Since Laura Wilkinson's platform gold in Sydney, Americans have not managed an Olympic medal. David Boudia, a platform silver medalist at the 2011 worlds, could break that slump although he faces probably the deepest field of any event. Troy Dumais, a springboard fixture, joins Greg Louganis as the only American male to ever make four Olympic diving teams.
A familiar name on the women's team is platform diver Brittany Viola, although that name probably is better known to baseball fans; her father is Frank Viola, the 1988 American League Cy Young Award winner. Viola, 25, is a first-time Olympian after failing to make the team for Athens and Beijing.
The concluding event, the men's platform, should be the most innately dramatic as Daley, Mitcham, Boudia and Germany's Sascha Klein, among others, try to topple favored Qiu Bo of China. Bo knows diving.
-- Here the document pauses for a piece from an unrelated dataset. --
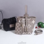 이 제품은 세련된 버킷 백 디자인으로, 바이 컬러 모노그램 앙프렝뜨 가죽 소재를 사용하여 고급스러운 느낌을 줍니다.
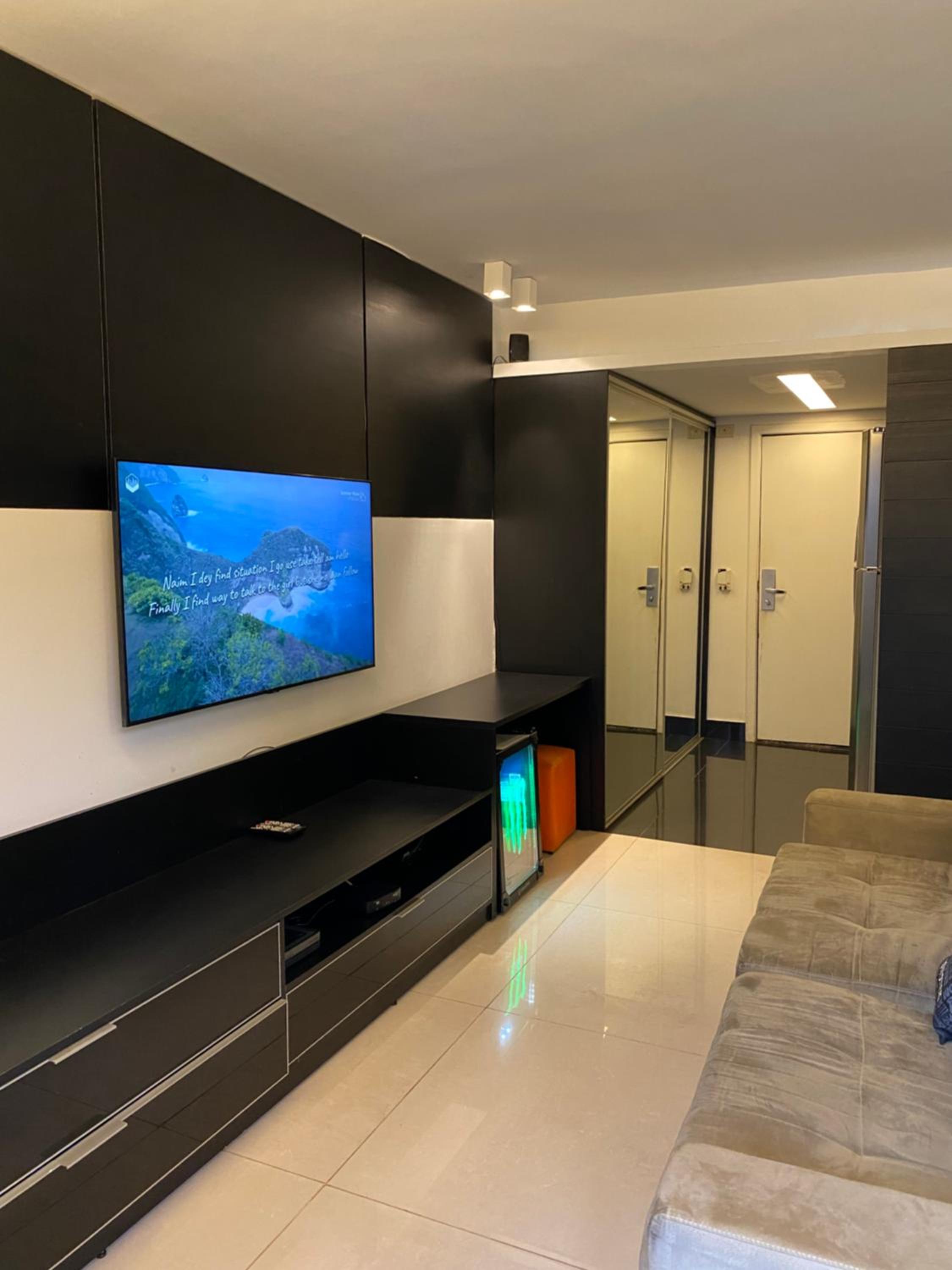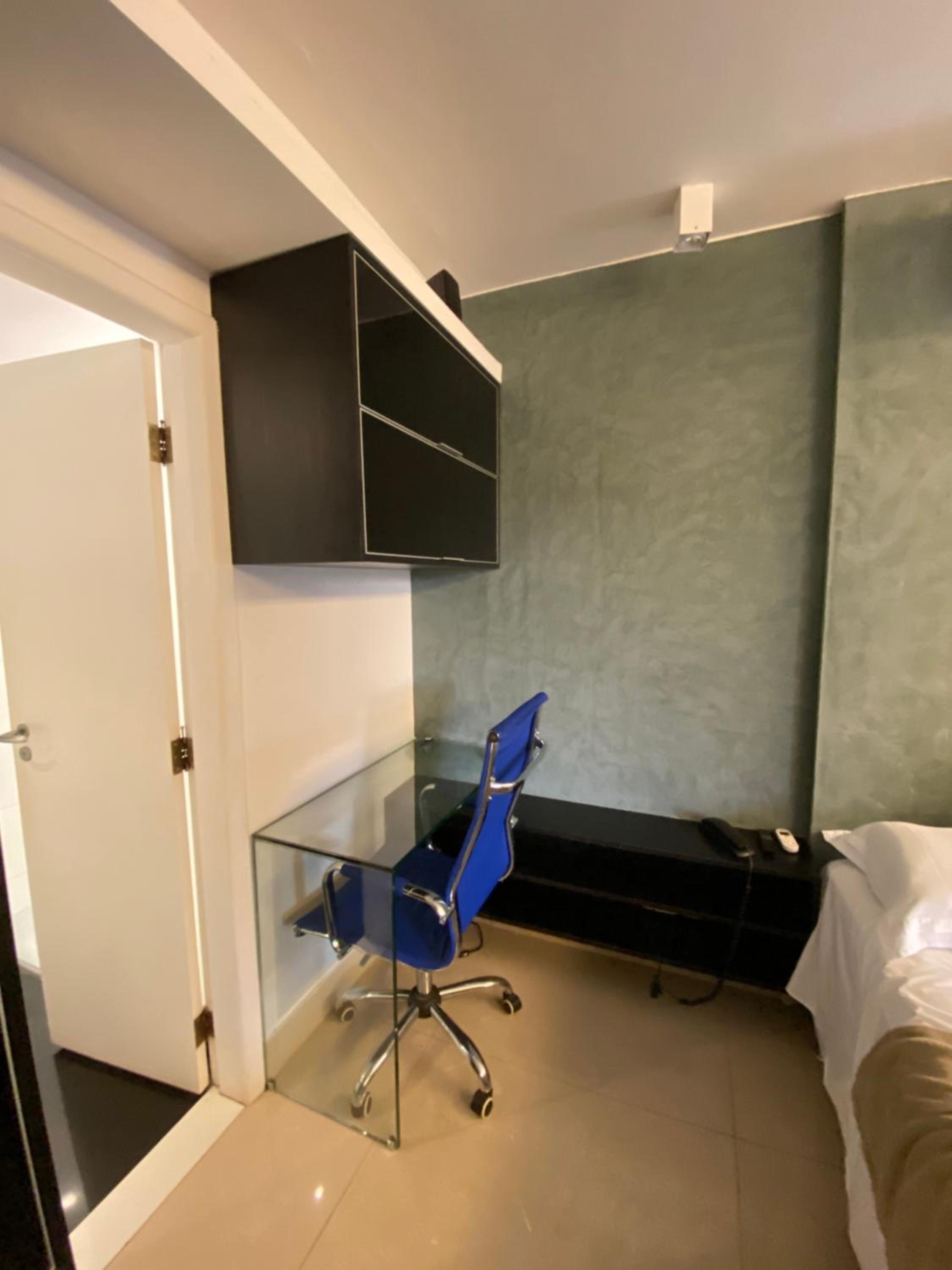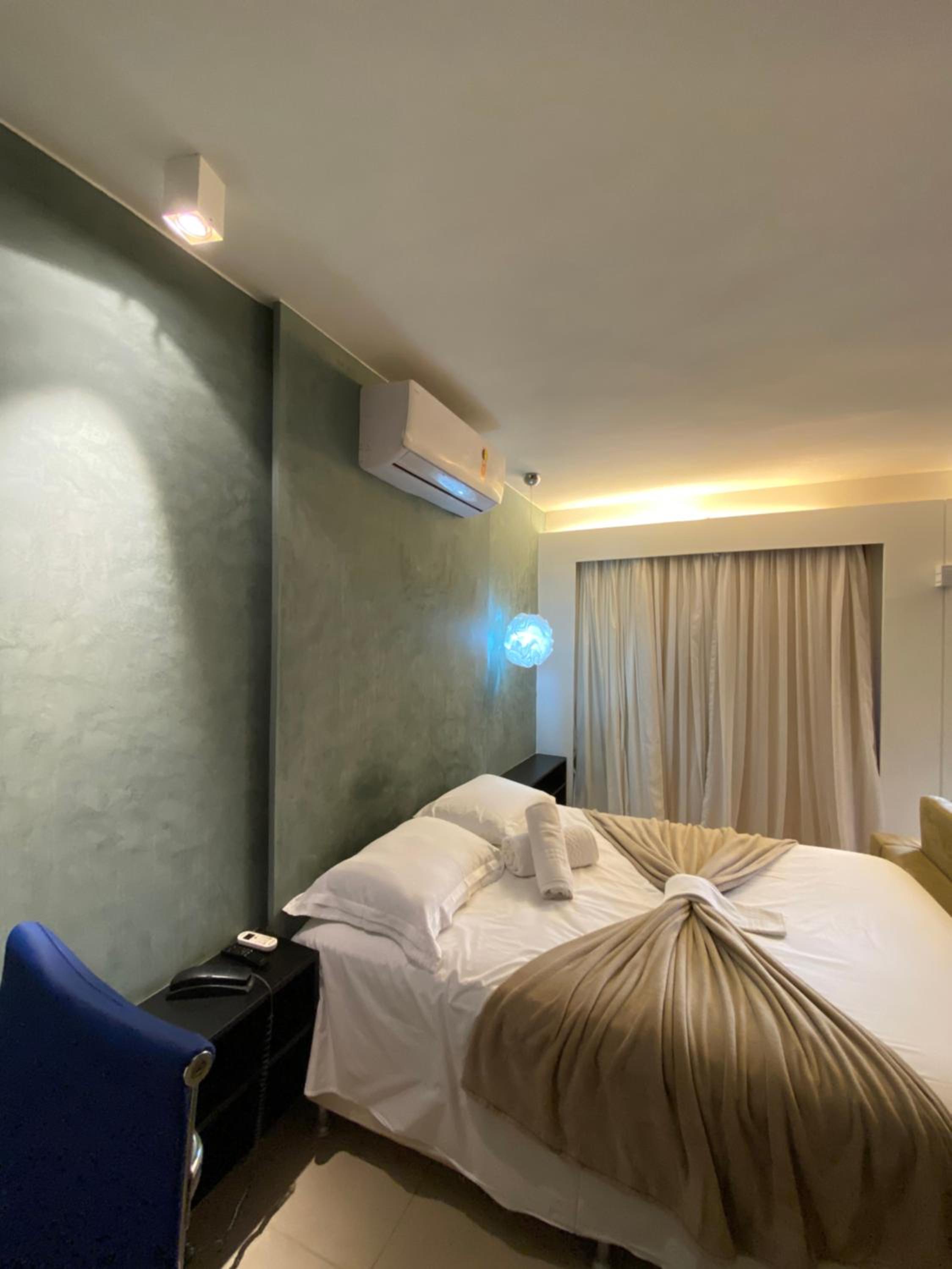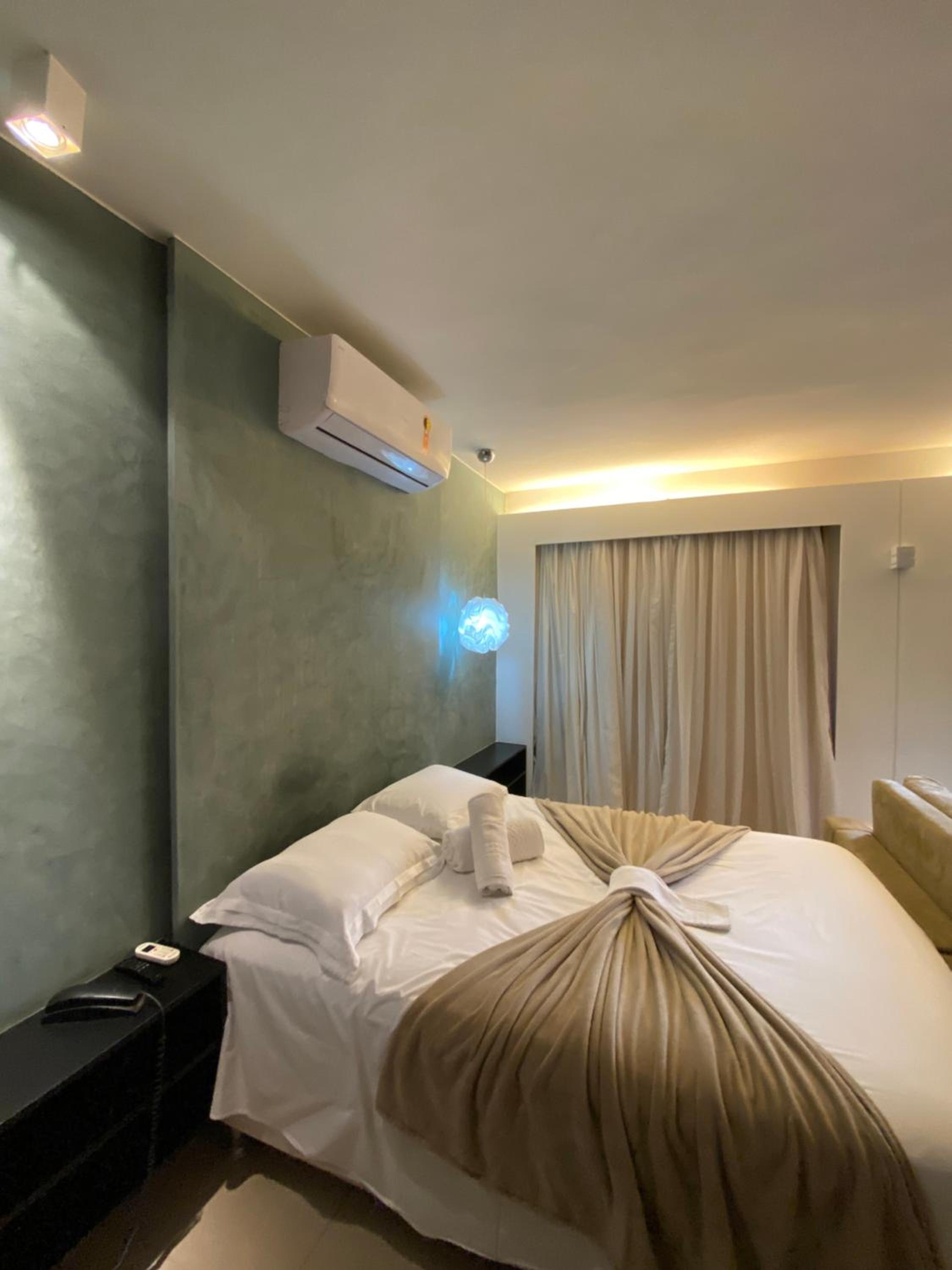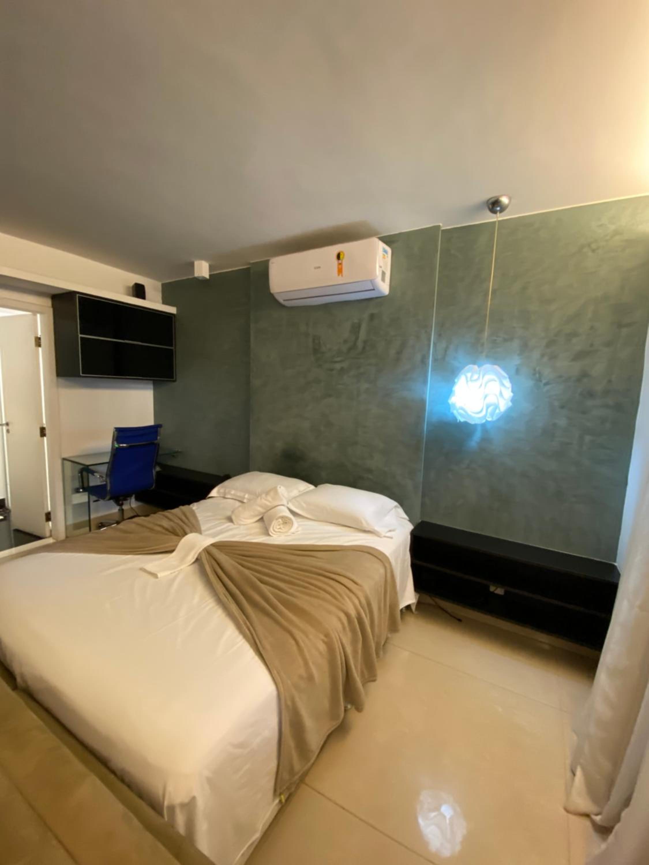 Flat espaçoso, cama confortável, chuveiro muito bom, bem localizado dentro do condomínio.

In the 2011 FINA Diving World Series, he received 25 perfect 10s. He won two golds at the 2011 worlds and was named male diver of the year. The 19-year-old Bo, who won the test event in London, told reporters, "The biggest challenge is from myself to beat myself." The men's 10-meter encapsulates all the matchups of the competition: China vs. Itself.
Plunge for distance -- how far a diver could propel himself without imparting propulsion from arms or legs after hitting the water -- was an Olympic event in 1904, bowing out after its only appearance in this quadrennial symposium of sweat. (Hint: the competition favored the stout.) William Dickey of the U.S. won the gold medal with a distance of 62' 6". Apparently some Olympic records are not meant to be broken.